[DATASET CONTENT]
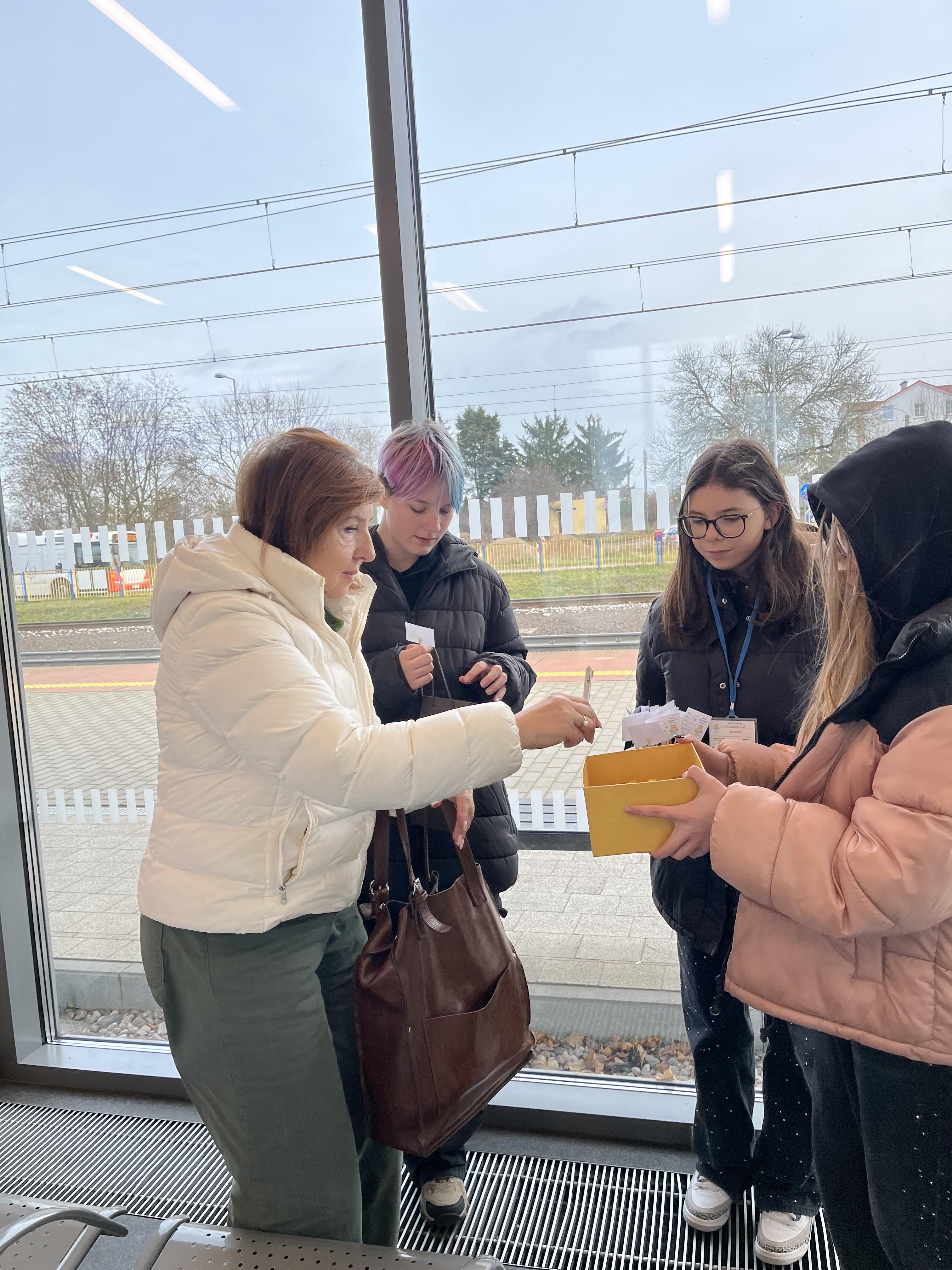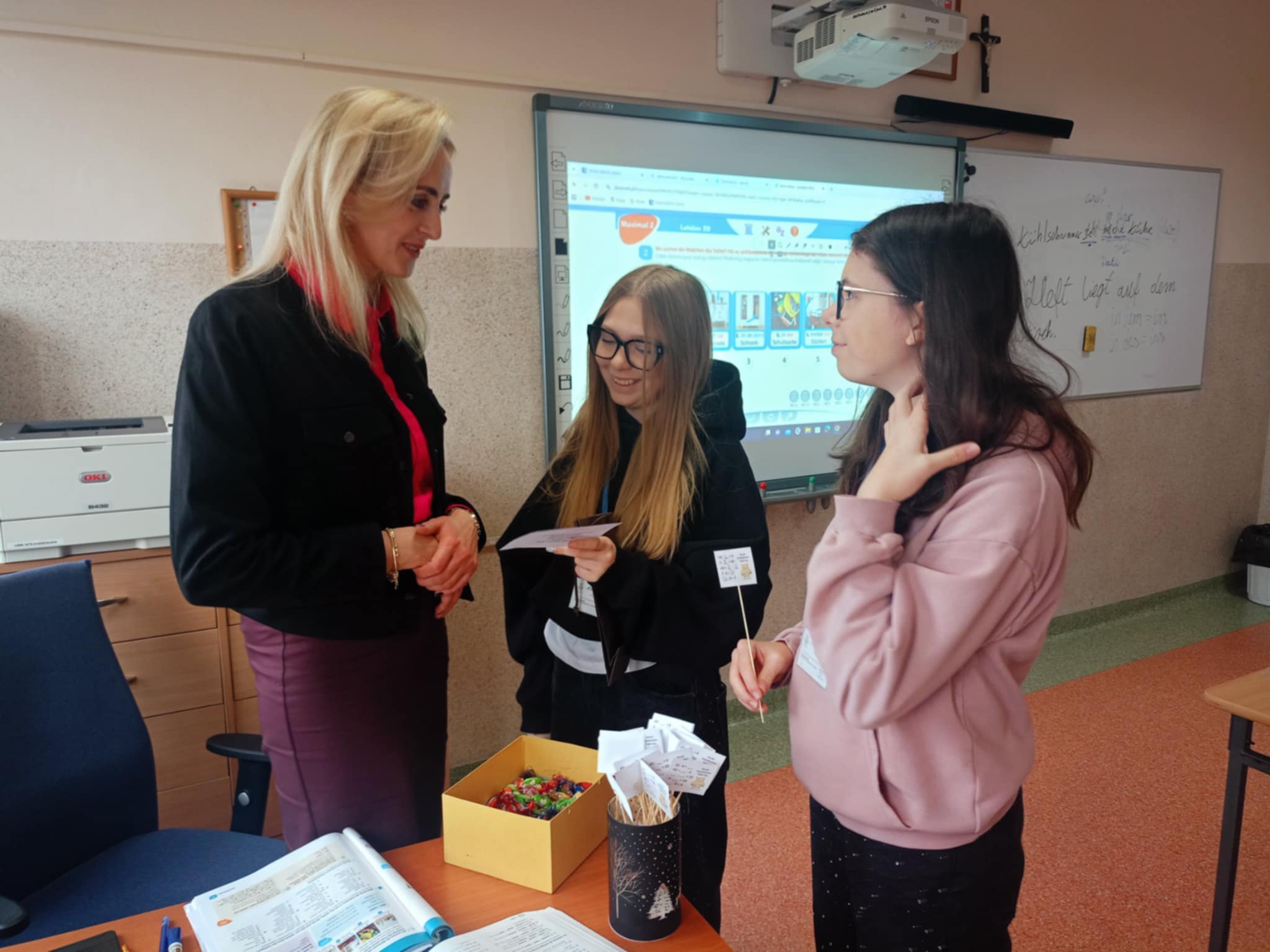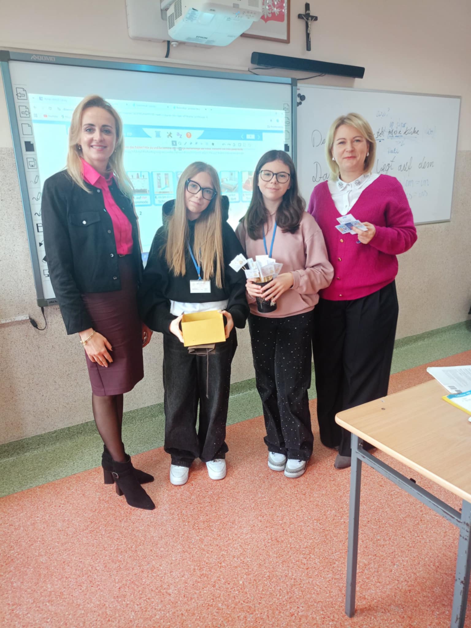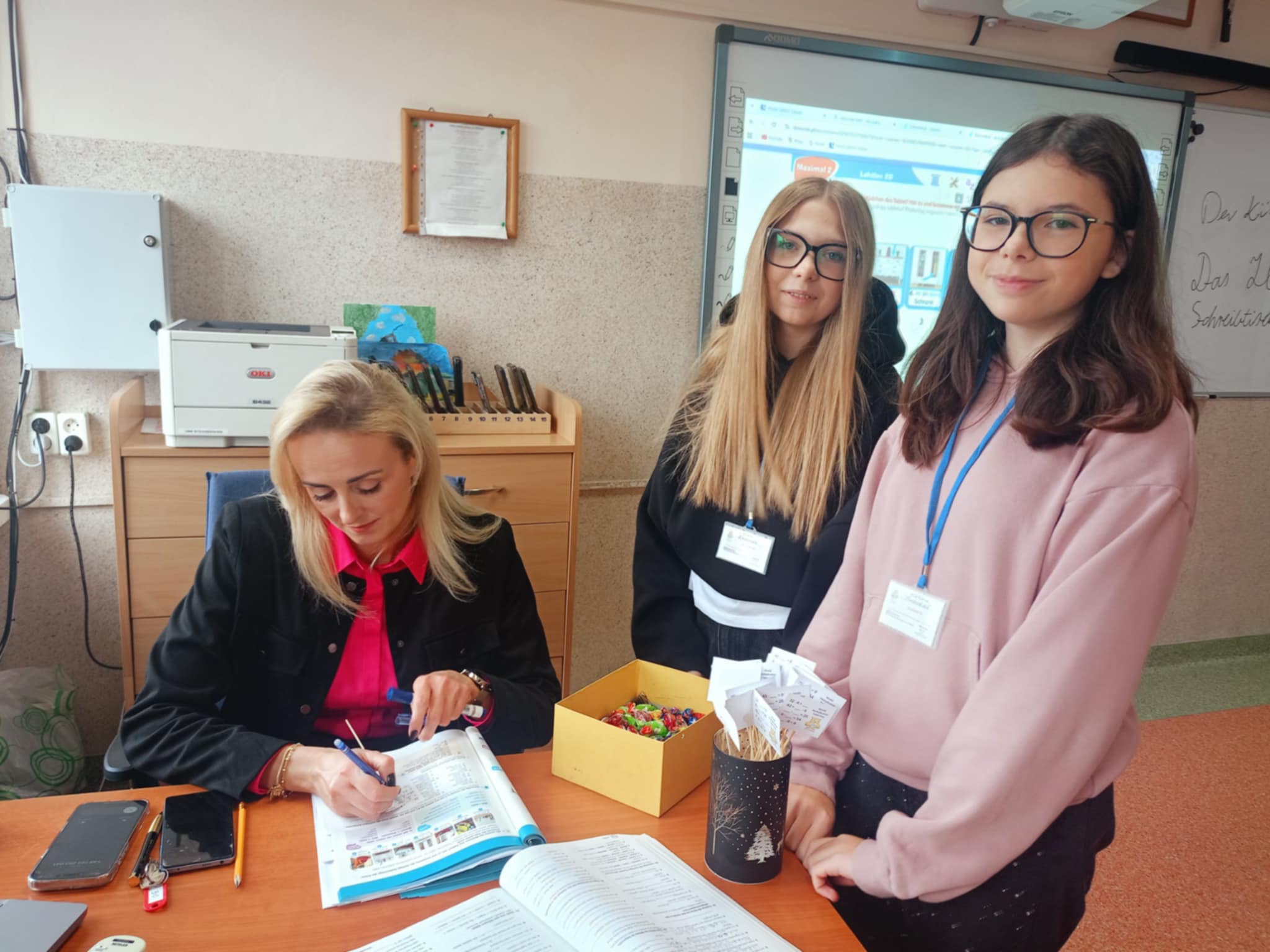 Dodatkowo grupa uczniów–egzaminatorów wyruszyła poza teren szkoły, aby włączyć do zabawy lokalną społeczność. Przechodnie podejmowali wyzwanie, a atmosfera wspólnej zabawy sprawiła, że matematyka na chwilę zagościła także na ulicach naszej dzielnicy.
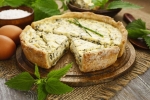 4. Testo vzamemo iz pečice, namažemo z nadevom, poravnamo in potresemo z zdrobljeno feto (če je nimamo, lahko uporabimo običajen riban sir). Vse skupaj pečemo še od 35 do 45 minut.
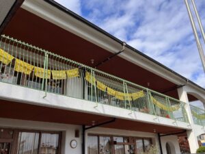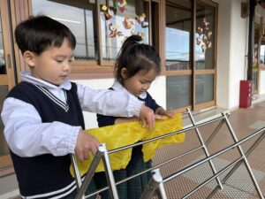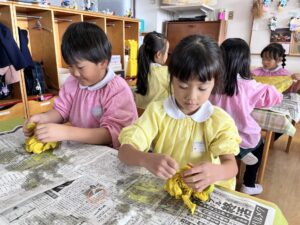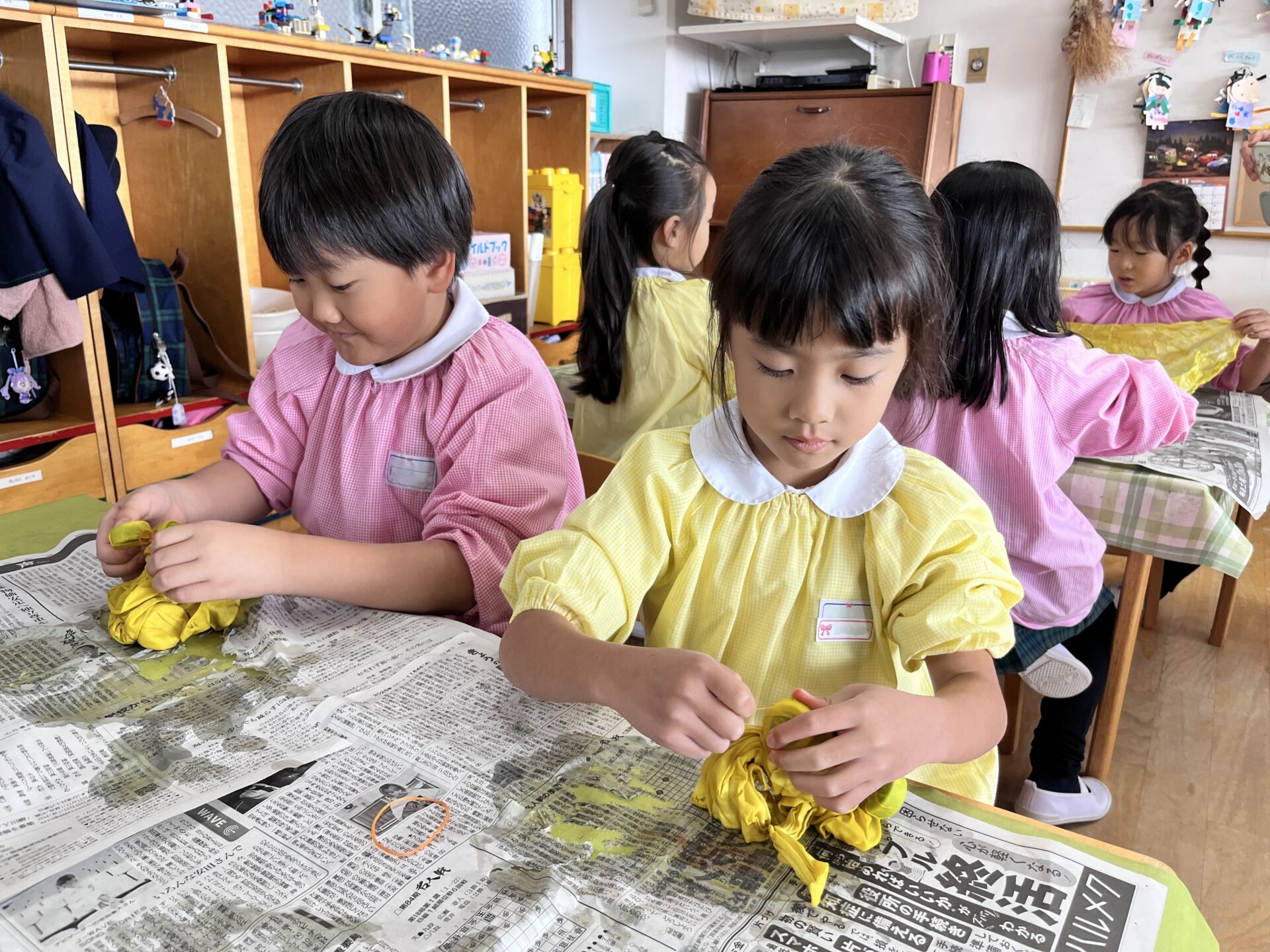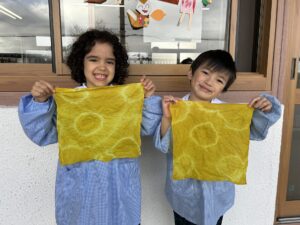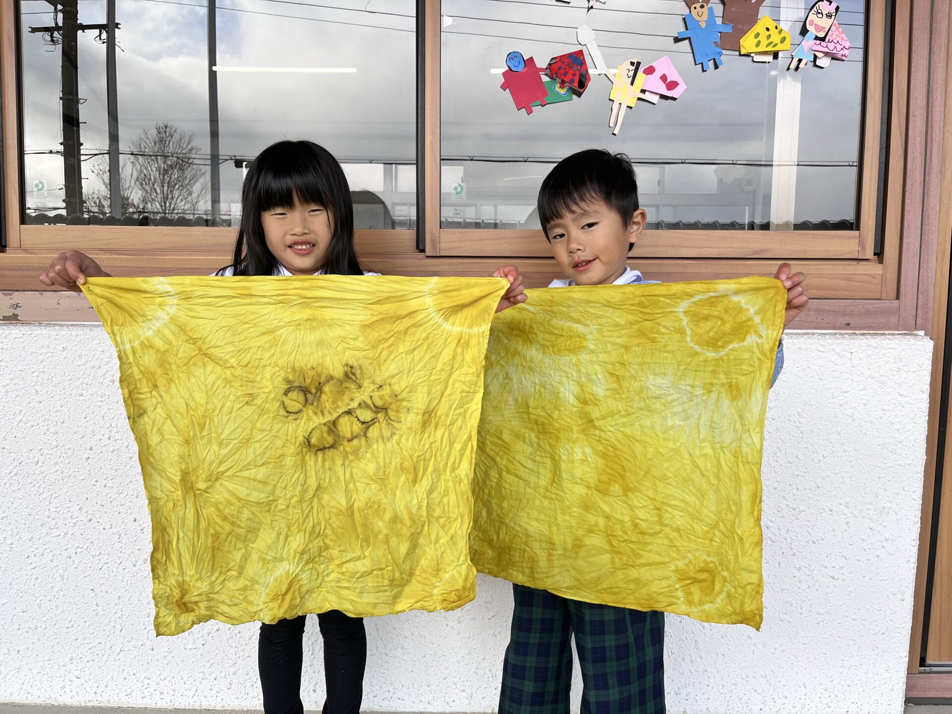 マリーゴールドの花を煮出して作った色水に一晩つけておいたハンカチやバンダナ。今日、ゆり(年中)組・うめ(年長)組のお友だちが、模様付けのために留めていた輪ゴムをそっと外してみると「丸い形になってる!」「水玉いっぱ~い♪」と大喜び。同じように染めても、にじみ方や模様は一人ひとり違っていて、布を広げるたびに「わぁ!」と歓声があがりました。世界に一つだけの特別な作品が完成し、嬉しそうな子どもたちでした☆

[YOUR INSTRUCTIONS] Starting at the first line of the listing above, write out each line exactly and nothing else until you reach the line containing "4. Testo vzamemo", which is included as well; omit all pictures.

[TASK RESULT]
 Dodatkowo grupa uczniów–egzaminatorów wyruszyła poza teren szkoły, aby włączyć do zabawy lokalną społeczność. Przechodnie podejmowali wyzwanie, a atmosfera wspólnej zabawy sprawiła, że matematyka na chwilę zagościła także na ulicach naszej dzielnicy.
 4. Testo vzamemo iz pečice, namažemo z nadevom, poravnamo in potresemo z zdrobljeno feto (če je nimamo, lahko uporabimo običajen riban sir). Vse skupaj pečemo še od 35 do 45 minut.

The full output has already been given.